Location: 375 Park Avenue between 52nd and 53rd Streets, New York, New York, USA
Architect: Mies van der Rohe with Phillip Johnson
Date Completed: 1958
Height: 525 feet (160 meters)
The only building in New York City designed by architectural master Mies van der Rohe, the
Seagram Building, epitomizes the ideals of the modernist movement so pitifully exhibited
by most other modern skyscrapers.
Owner Samuel Bronfman simply required that the new headquarters of his massive distillery
operation be "the crowning glory of everyone's work." His daughter, the
architect Phyllis Lambert, persuaded him to commission Mies van der Rohe.
Essentially a classical building, the Seagram Building is set back on a broad plaza. Its
cubic structure is articulated by extruded bronze I-beams imposed on a brooding dark glass
curtain wall. The tower sits squarely on a series of two story bronze columns and is
surrounded by a twenty-eight foot high arcade. This design led to a 1961 zoning regulation
to increase open spaces around tall buildings, ending full-site setback towers.

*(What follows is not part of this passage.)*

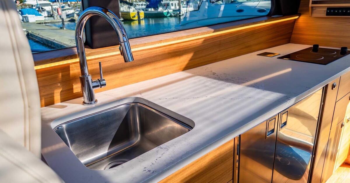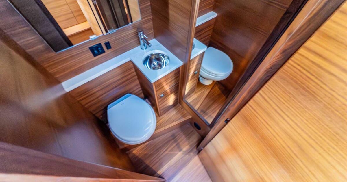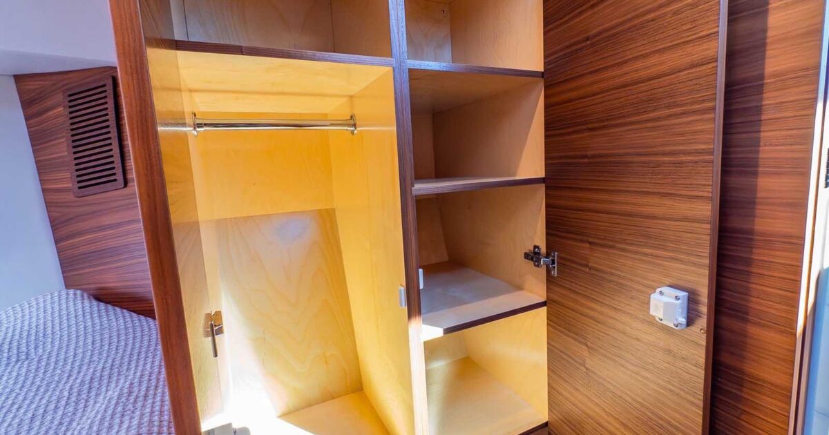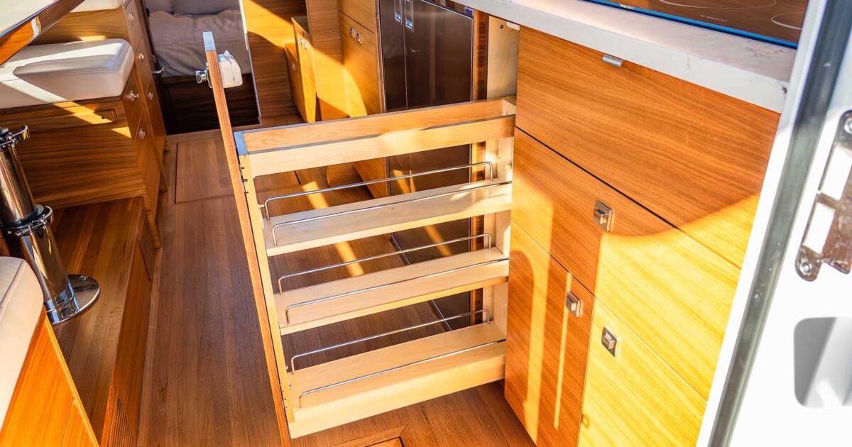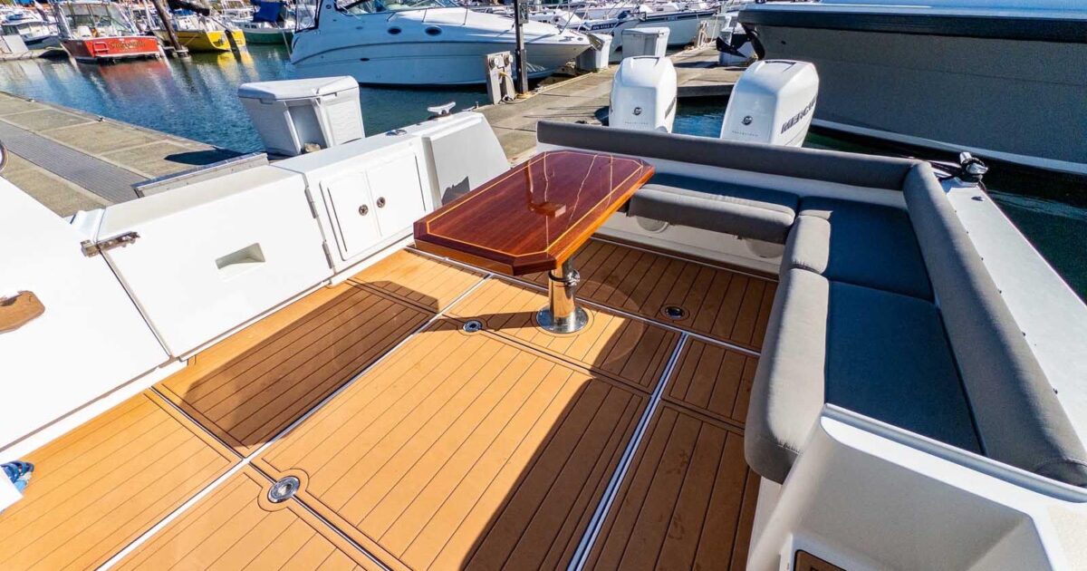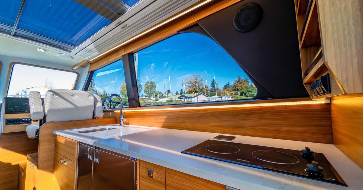 Inside, the 33 Express Fish offers true yacht-level comfort. The interior showcases handcrafted teak cabinetry and flooring, premium materials, and a level of finish rarely found in this size class. The salon provides a panoramic helm view and transforms effortlessly between open-air cruising and full weather protection. Open the sunroof and wide aft doors to invite in the fresh air and sound of the sea, or close them to enjoy a fully enclosed, temperature-controlled space.

The combination of the bronze I-beams and the dark glass curtain wall make the Seagram
Building seem like different structures when viewed from different angles. A black
glass tower from one angle, a polished bronze one from another. The color can change from
a brown so dark as to appear almost black to a soft golden brown, depending on the angle
of view and the lighting.
The large plaza (the building is set back a full one- hundred feet from Park Avenue), with
its two rectangular pools and marble parapet, is an entirely pleasing place to be given
its sparseness, a trick that few other modern plazas have accomplished.